Single‐cell gene regulatory network analysis for mixed cell populations

Gene Regulatory Networks (GRNs) reveal how genes regulate each other, offering insights into complex biological systems. Traditional GRN inference, based on bulk RNA sequencing, reflects average gene expression across mixed cell populations, obscuring single-cell regulatory dynamics. Single-cell RNA sequencing (scRNA-seq) has transformed gene expression studies by enabling GRN inference at single-cell resolution. However, most methods assume a shared GRN across all cells, overlooking the distinct GRNs of different cell types. Traditionally, GRN inference for scRNA-seq with mixed cell types involves a two-step process: first, clustering cells to identify cell types, and second, inferring GRNs for each cell type. While effective for clearly separated cell types, this approach struggles when cell types are highly mixed, leading to misclassification and reduced accuracy in GRN inference.

Recently, Quantitative Biology published an approach entitled "Single-cell gene regulatory network analysis for mixed cell populations", introducing VMPLN, a novel method that uses a mixture Poisson log-normal model for scRNA-seq data. VMPLN combines clustering and network inference through variational inference, improving the accuracy and robustness of cell type-specific GRN analysis.
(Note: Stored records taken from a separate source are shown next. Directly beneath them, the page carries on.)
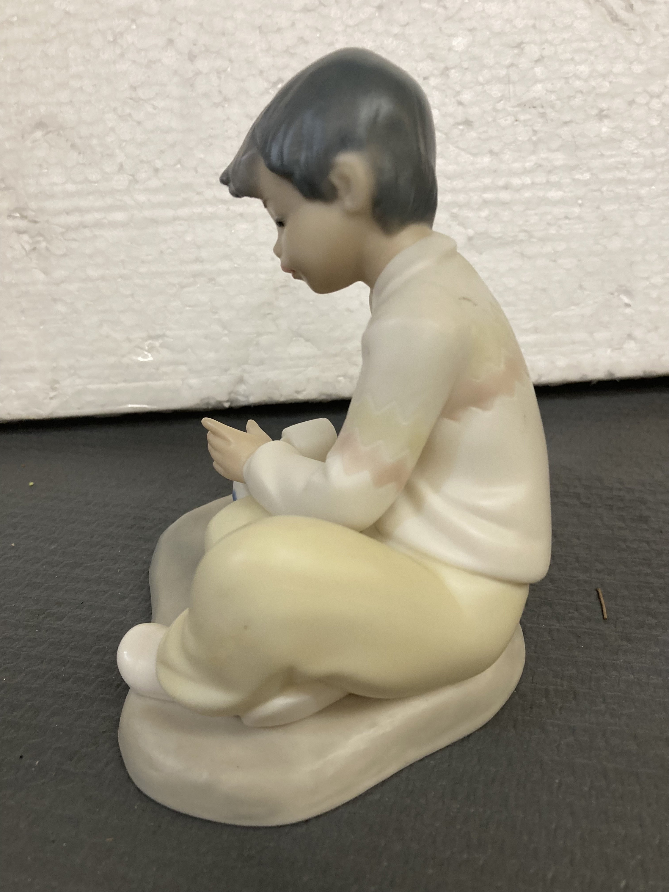 This beautiful vintage Lladro figurine is from the Golden Memories series and was released in 1991. It features a young boy sitting on the floor, playing with a toy train. The figurine is made of fine porcelain and is hand-painted in vibrant colors. It is in excellent condition with no chips or cracks.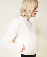Cuando bajan las temperaturas, no te encuentres desprevenida con la chaqueta con cuello mao de tejido de fibra larga, tacto suave, cierre con corchetes, bolsillos insertados en los laterales y está forrada. El complemento ideal del minivestido de encaje y botines de piel.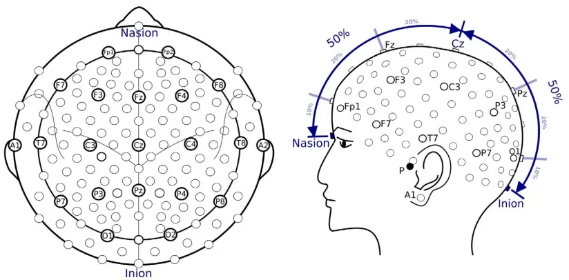 脑电图记录电极标准化位置的基本原则是左右对称,距离等比例,覆盖大脑半球凸面的主要解剖部位,建立普遍一致并可重复对比的电极位置系统。Jasper(1958)最初提出的10-20系统是国际上公认的描述EEG头皮电极位置的方法之一,它保证了电极间距离相等。在这里,电极被放置在四个解剖标志的10%和20%的位置:鼻、耳、左、右耳前点。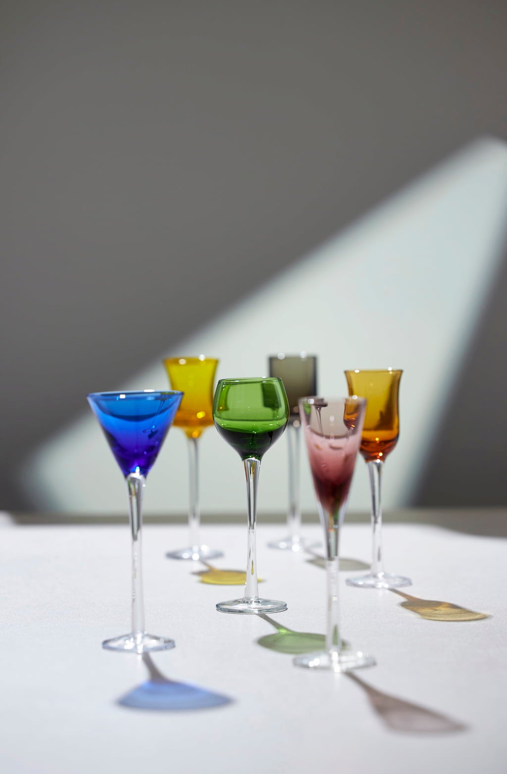 Lila, kék, füst, borostyán, zöld és sárga színben kaphatók, és nemcsak színes hangulatot teremtenek az asztalnál, hanem megkönnyítik a vendégek számára a poharak gyors megtalálását is.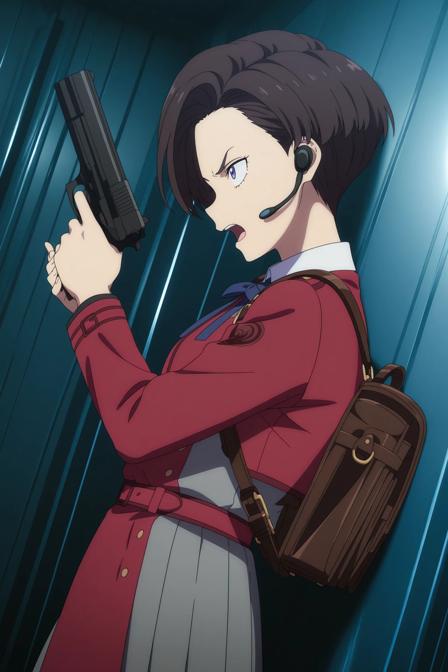 harukawa fuki, short hair, brown hair, asymmetrical hair, parted hair, curtained hair, purple eyes, sanpaku, long sleeves, two-tone dress, red dress, grey dress, blue ribbon, neck ribbon, red belt, backpack, brown bag, grey pantyhose, brown shoes, loafersGym Uniform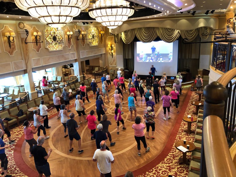Meanwhile our two days at sea, spent reflecting on being gone one month and reading books that cause reflection! Then there are other activities – Zumba class (just observers), a latte in the coffee shop (where they have a sign on every table with a city and drink), watch a movie “Bohemian Rhapsody” and then attend a concert by a choir created from members traveling on the ship – over 100. And of course, lectures LOL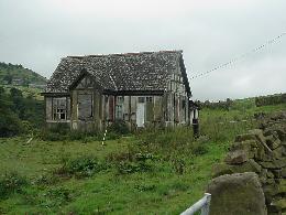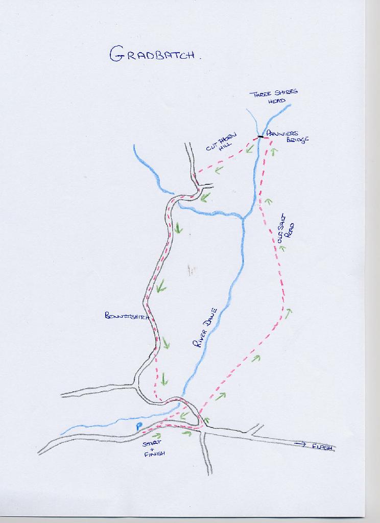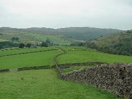 Follow the way marked path from the top end of the car park alongside the infant Dane to the tarmac road. Turn left, but not across the footbridge, and walk to the road junction beyond the farm. Go left again and before the road drops to a corner turn right through a gateway to pass to the right of a house. Go right over the stile by a footpath sign. go ahead to pass through a gateway then keep company with a dry stone wall on your left for several fields. In one of the early fields you will pass by a derelict building .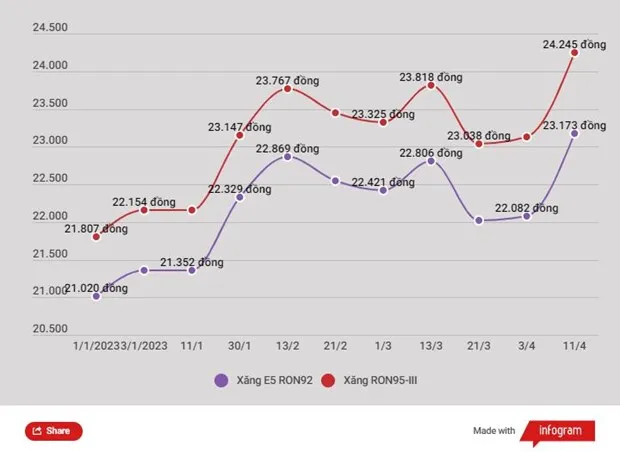 Lần gần đây nhất (ngày 11/4), sau khi trích lập quỹ bình ổn, giá xăng RON95-III tăng 1.120 đồng mỗi lít; xăng E5 RON92 tăng 1.091 đồng/lít, dầu diesel tăng 719 đồng. Dầu hỏa tăng 702 đồng/lít và dầu mazut tăng 765 đồng/kg.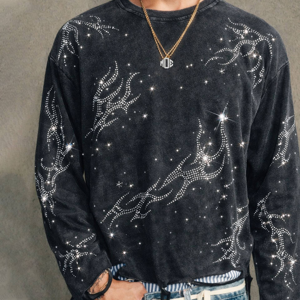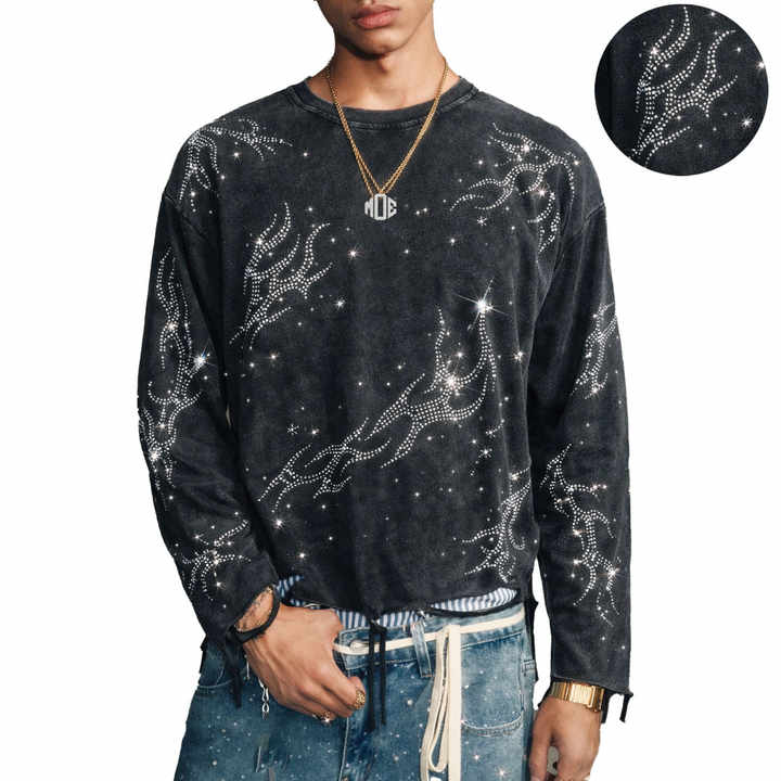 Full Sleeve Rhinestone Design Men's Tshirt Top Quality Acid Wash Oversized Men's shirts Premium Cotton Custom Logo Street Style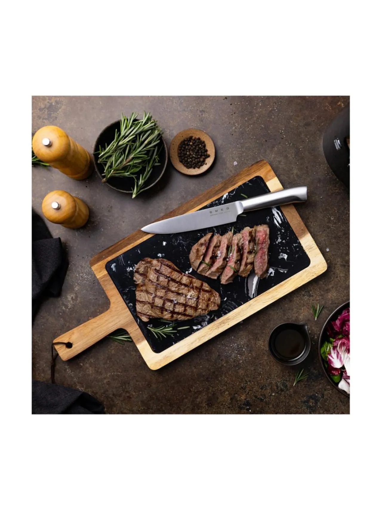 Jokainen veitsi on valmistettu saksalaisesta ruostumattomasta teräksestä, joka takaa pitkäikäisyyden, terävyyden ja erinomaisen tasapainon. Veitsitukki on valmistettu akaasiapuusta ja sen runko on mustaksi jauhemaalattua hiiliterästä. Veitsiaukot ovat kaunista akaasiapuuta. Veitsien ergonominen kahva istuu täydellisesti käteen, tarjoten tarkkuutta niin leikkaamiseen, viipalointiin kuin silppuamiseenkin.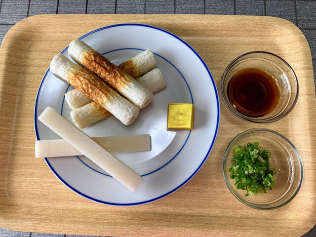 餅を長細く切らないといけないのかぁ、できるか? と不安だったが、便利な世の中になったもので、最初から長細くカットされた餅が売っていた! ポン酢・小ねぎ・バター・ちくわを準備しました。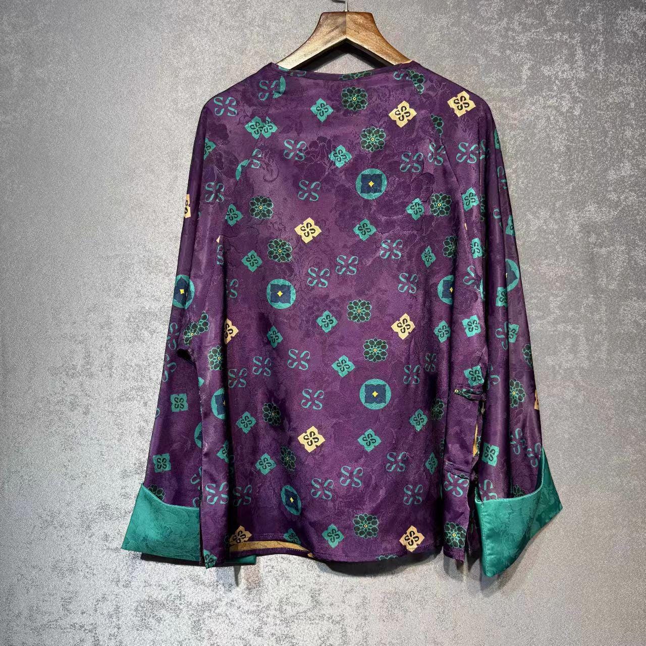 Add heritage and elegance to your wardrobe with this purple Tang blouse, crafted from artificial silk brocade (rayon silk jacquard). Inspired by traditional Chinese clothing, it features a Mandarin collar with Chinese button closure, full sleeves with contrasting green cuffs, and a vibrant geometric floral print.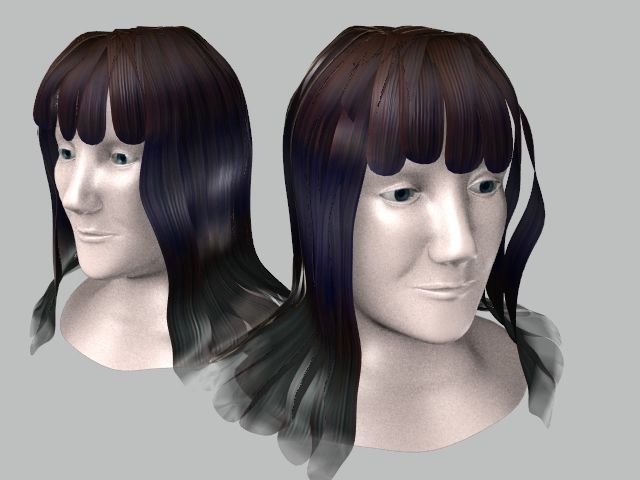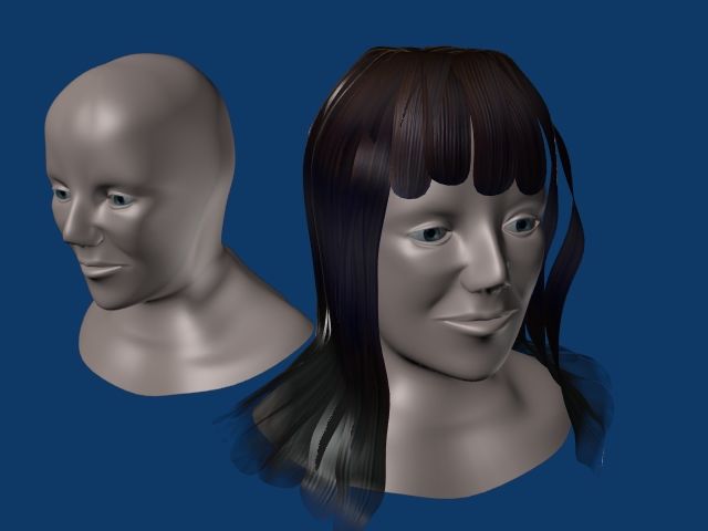 Lo importante, tu modelo está mejorando. Podrías mejorar también los mapas de opacidad del pelo, para que no se noten los bordes. ¿no está un poco grueso el tabique nasal? Saludos.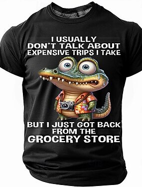 Мужская смешная футболка "Дорогие поездки" с графикой аллигатора в продуктовом магазине короткий рукав юмор

To infer gene regulatory networks (GRNs) of mixed populations in scRNA-seq data, the research team utilized the mixture Poisson lognormal (MPLN) model to analyze scRNA-seq count expression data (Figure 1). The precision matrices of the MPLN are the GRNs of different cell types. To avoid the intractable optimization of the MPLN’s log‐likelihood, an algorithm called variational mixture Poisson log‐normal (VMPLN) is proposed to jointly estimate the GRNs of different cell types based on the variational inference method. Comprehensive simulation shows that VMPLN outperforms state-of-the-art single-cell GRN inference methods, especially in scenarios where different cell types have a high mixing degree. Benchmarking on real scRNA‐seq data also demonstrates that VMPLN can provide more accurate network estimation in most cases. Through applying to a large scRNA‐seq dataset from patients infected with severe acute respiratory syndrome coronavirus 2 (SARS‐CoV‐2), VMPLN identifies critical differences in regulatory networks in immune cells between patients with moderate and severe symptoms.